* Task to carry out:
Everything in the data should be repeated exactly, save for the images.

* Information provided:
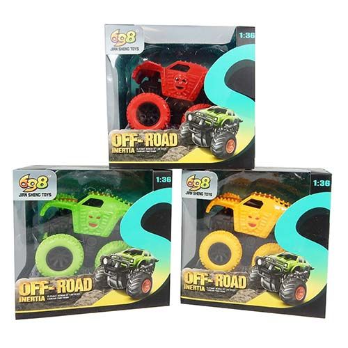 Pullback friction action. 2 different styles in 3 assorted colours. Red, green and yellow. Bodies can be interchanged. Box measures 13w x 12.5h x 10.5d cm.
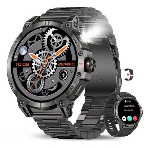 Смарт-годинник чоловічий тактичний для айфона андроїду, військовий смарт-годинник із ліхтариком
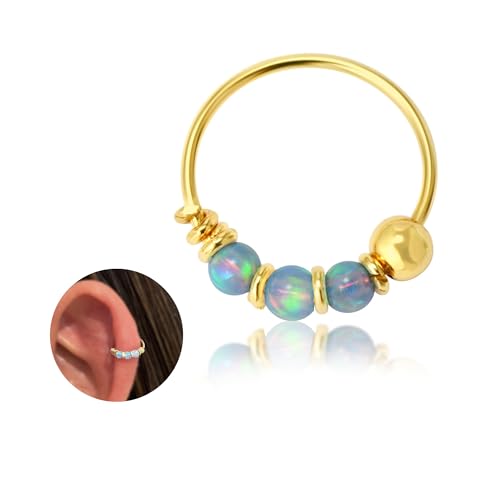 Miya Jewelry Handmade Gold Single 10MM Cartilgae Helix Piercing Hoop Earring with Trio Blue Opal, Gold Plated over Sterling Silver Very Small Thin 22Gauge Hoop for women (GoldPlated-Blue)

* Solved problem:
 Pullback friction action. 2 different styles in 3 assorted colours. Red, green and yellow. Bodies can be interchanged. Box measures 13w x 12.5h x 10.5d cm.
 Смарт-годинник чоловічий тактичний для айфона андроїду, військовий смарт-годинник із ліхтариком
 Miya Jewelry Handmade Gold Single 10MM Cartilgae Helix Piercing Hoop Earring with Trio Blue Opal, Gold Plated over Sterling Silver Very Small Thin 22Gauge Hoop for women (GoldPlated-Blue)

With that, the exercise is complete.